Yes, most probably if you let a network make decision based on the entire head MRI as input, then the network would pick up many other signs of cardiovascular disease or aging from various parts of the image and not from a small crease in the earlobe, cutting out a small ROI around the earlobe will certainly fix this.

Note that head MRI images are often acquired with a head coil, and noise reduction headphones, which may squish or deform the ear. Another issue is that the earlobe is often not completely visible in MRI scans. You might have better luck with CT scans, but even there you may have head immobilizers that deform the ear. Due to all these issues, it may be simpler to generate volume renderings of the ears and let a human decide in a few seconds if there is a crease in the ear or not, rather than spending several days or weeks to train a network. You can probably manually classify hundreds of images per hour, so in 1-2 days you can complete thousands of classifications. To set up a neural network to achieve the same performance and validate that its performance is comparable to a human would take at least several weeks. Therefore using “AI” for this task would just slow you down and distract you from answering the clinical question.

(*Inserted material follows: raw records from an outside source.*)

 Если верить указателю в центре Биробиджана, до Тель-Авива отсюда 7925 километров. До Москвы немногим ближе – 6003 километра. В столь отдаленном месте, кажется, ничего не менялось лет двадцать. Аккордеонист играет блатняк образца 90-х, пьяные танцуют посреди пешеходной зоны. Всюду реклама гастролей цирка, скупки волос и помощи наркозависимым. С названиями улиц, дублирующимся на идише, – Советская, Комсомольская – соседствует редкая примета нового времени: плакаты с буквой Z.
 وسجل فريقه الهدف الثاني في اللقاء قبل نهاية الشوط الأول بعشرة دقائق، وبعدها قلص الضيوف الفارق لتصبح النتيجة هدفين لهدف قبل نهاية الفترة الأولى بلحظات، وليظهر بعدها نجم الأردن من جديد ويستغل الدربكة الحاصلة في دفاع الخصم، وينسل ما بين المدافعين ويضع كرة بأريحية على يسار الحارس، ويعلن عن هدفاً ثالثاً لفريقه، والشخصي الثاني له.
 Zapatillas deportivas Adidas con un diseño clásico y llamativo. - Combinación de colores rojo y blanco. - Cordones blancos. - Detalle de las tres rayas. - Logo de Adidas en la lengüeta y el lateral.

Thank you very much for your response. I followed your approach but the
results are not good. Now, I am focusing on pre segmented ear only (So that
AI correctly predicts the frank sign part). My question is how do I color
the frank sign part in the ear without segmentation?

Since, I am not focusing on 2 D image but 3 D brain Image. Therefore, there
is no question of cropping it.

Can anyone please share a youtube link? I am beniger, I need youtube videos
to understand it carefully.

Coloring and segmentation mean the same thing. If by coloring you mean volume rendering then you can check out the examples in the script repository.

In Slicer, you can crop 2D images as easily as 3D images.

You can find lots of training material on the training page, and there are many videos on the PerkLab’s channel and you can also find lots of additional videos by searching on google and youtube.